Где-то далеко ревела сирена, словно крик о помощи, разносящийся эхом в неподвижном воздухе. Джил повернула голову к окну, напрасно надеясь, что если она закроет глаза и сосчитает до ста, то сможет уснуть. Не помогло. И она просто валялась, наблюдая за тем, как шевелится занавеска на окне от ветра, проникавшего через открытый верх окна.
Колыхание ткани действовало гипнотически, и Джил медленно расслаблялась. Она неожиданно вспомнила свою детскую, большую и светлую, с широким окном, в которое неизменно стучалась ветка яблони. Джил улыбнулась, когда внезапно стены квартиры исчезли, сменяясь такими привычными светлыми обоями с пушистыми зайцами. За шевелящейся занавеской покачивалась яблоня, шурша по стеклу.
Джил закрыла глаза, наслаждаясь покоем, которого не испытывала с того самого дня, как уехала из дома. Она пыталась отсечь от себя всё, что хоть как-то могло напомнить о прошлом, убеждала себя, что так будет правильней. Джил редко звонила отцу. Она приехала домой только один раз, на похороны матери, и это стало ещё одним поводом избегать дома.

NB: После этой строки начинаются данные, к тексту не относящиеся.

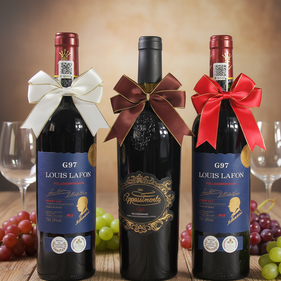 Ruban de vin rouge luxueux de haute qualité avec bande élastique pour la décoration de bouteilles de vin pour anniversaire, mariage, etc.

Она подумала, что это неправильно. Утром она позвонит отцу и прекратит вести себя так, словно и он тоже виноват в её собственных проблемах. Джил открыла глаза, смотря на призрачных зайцев. Когда она не могла заснуть, она считала их и засыпала на двадцатом пушистике. Джил подтянула подушку поудобнее и принялась считать нереальных зайцев на нереальных стенах. Она дошла до двадцатого и повернулась на спину, чтобы продолжить считать тех, кто был на другой половине стены, когда увидела сидящего на краю её кровати. Он смотрел на неё спокойно и сурово, и ветер, долетающий до него, слегка шевелил его волосы. Джил ощутила, как её горло сжимается, язык прилипает к небу, а сердце останавливается.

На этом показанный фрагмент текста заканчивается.